I'm assuming you still live in the same place? My understanding the last time I took a dive on this is that the numbers are going down, but not in any way that is going to see them gone. You will need to go to where they are, though. And, alas, the PNW is not a place to find them.
I confess a sad assumption that bot traffic is far higher than we have admitted for a long time. Though, maybe we would see different stats specifically to social media sights to astroturf like counts? Certainly feels that we have known for a long time that bots were larger in ad viewing than ad companies wanted to admit.
I don't understand what difference bots make. For me, a website (the public part) is a storefront. People walk down the street and see what's inside — that's the purpose. If something should not be available immediately, that's the private part of the store.
I've been monitoring bot traffic on digital platforms for over 10 years. Sure, the crawler share is growing, some even with malicious intentions, and those I detect and block.
I disagree that this pain is worth the cost of making real people spend their life on verification.
For ad views, the concern is specifically that people pay for clicks and views. That that can be so heavily influenced by bot traffic greatly undermines their value.
Same general idea goes for any of the algorithmic driven platforms. The algorithms are ostensibly intended to surface organically discovered things by watching how people interact with things. That they are so susceptible to distortion through bot farms should be a lot more acknowledged than it is. People trust them far more than they should.
There is also a general cost of running things concern. It isn't like it is completely free to execute on bot traffic.
For ads, I believe this must be a problem for ad platform owners.
If the digital platform's storefront is their business, they could afford to spend some budget on bot detection. Bots still come from data center networks, sometimes render pages incompletely, request resources in bulk, and show enough patterns to be flagged internally.
If we look at a medium website, most random crawlers will come from Amazon, Microsoft, DigitalOcean, Hetzner, OVH, and a few other DC networks — these can be blocked easily without harming real users.
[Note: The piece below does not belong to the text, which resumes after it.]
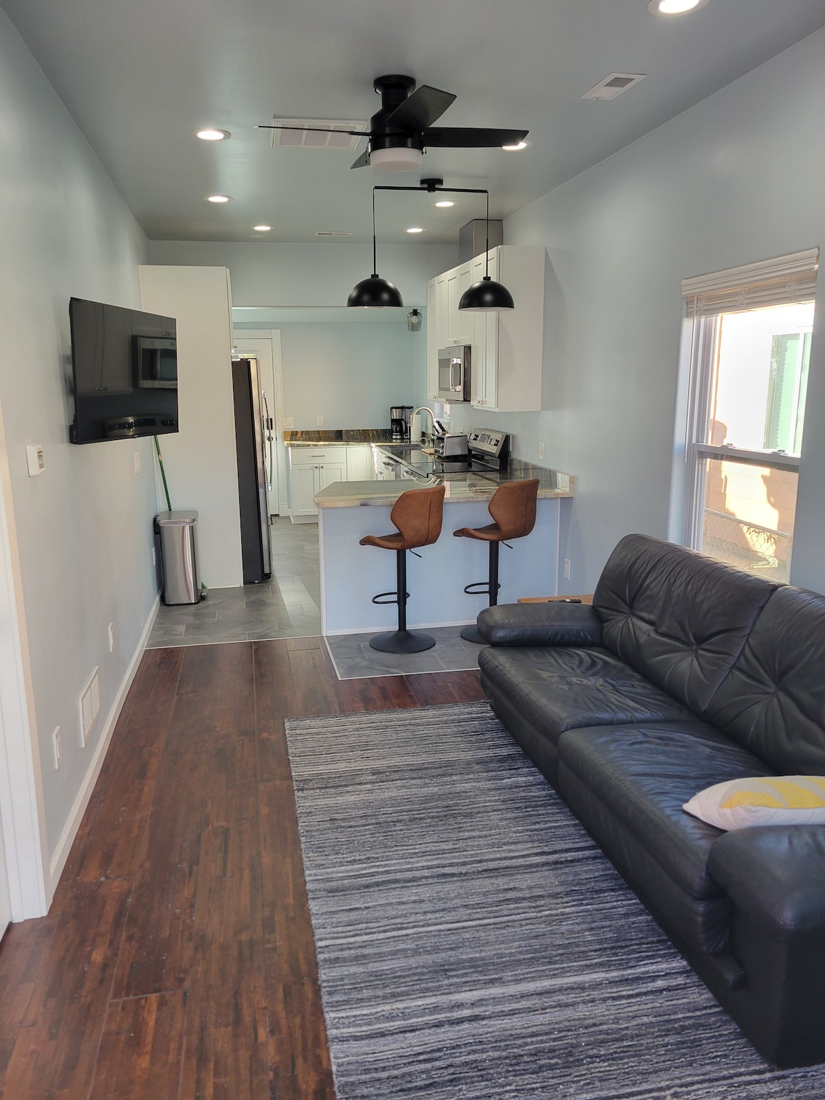 Take it easy at this self-contained getaway. Entrance at side of house, combination lock (which locks by itself after 60sec). Perfect for one, could fit two snugly if they share the twin bed. Low (6’ 2”)ceilings. Low shower. The plumbing rumbles when the pump runs. Outdoor areas are the only shared areas. Family members may go out the side door at times. The unit is pet friendly, you can bring your animal. If you are allergic to pets/are over 5’10” the unit might not be a good fit.

The rest can be detected and cleaned up, even manually.
The math is simple: 20,000 visits a day at 15 seconds each = ~83 hours a day lost watching a Cloudflare logo, just because someone doesn't want to dig into the logs. I don't buy it.
Largely agreed, though I think you are likely underestimating how hard this is to detect. In particular, it is true that many bots can be hosted in data centers, but it is somewhat trivial to launder that traffic through other sources. Malware, in particular, is what I have in mind. Maybe I'm wrong and that has largely gone away?
There is also a bit of mixed incentives. Yes, it is the ad platform that is getting abused. But it is also the ad platform that is charging people based on abused practices.
And it isn't like this is completely made up. Just look at how facebook killed a lot of ton of people during the "pivot to video" programs. I don't know all of the details, as I was thankfully not in any of the involved industries, but my understanding is it is fairly well documented.
Edit: I changed an "isn't" to "is." I think I was trying to reword at one point, but left it in a way that is opposite what I meant.
For efficiently-hosted sites with little media it's not too bad. E.g. hosting a static site just doesn't cost much, even if you're hammered occasionally.
That's extremely far from all sites though. It's probably safe to say it's a severe minority, particularly when you ignore personal / non-profit-bringing sites. Tons of small and large sites run stuff like poorly-written wordpress or ruby on rails or thousands of microservices doing god knows what. A major increase in request volume on those can easily mean significant increases in hosting charges (e.g. small-% on big, many multiples on small) or significant effort in optimizing (which is expensive too).
The website I mentioned has over 15k webpages and ~200 GB of media, and yet we monitor bots manually and only block them if they're pulling 5k requests in a row. Malicious URLs, multiply 404 are blocked by default. HEAD request rejected.
Even on a very bad day, the server's page load time doesn't go over 1s.
However, it seems like I'm indeed looking at the problem through the wrong prism, as what I've seen from the comments suggests that the initial issue is performance, and the bots are what uncover it.
I think a good chunk of it is bot-induced performance problems, yea. Whether that's compute or transfer. And advertisement costs.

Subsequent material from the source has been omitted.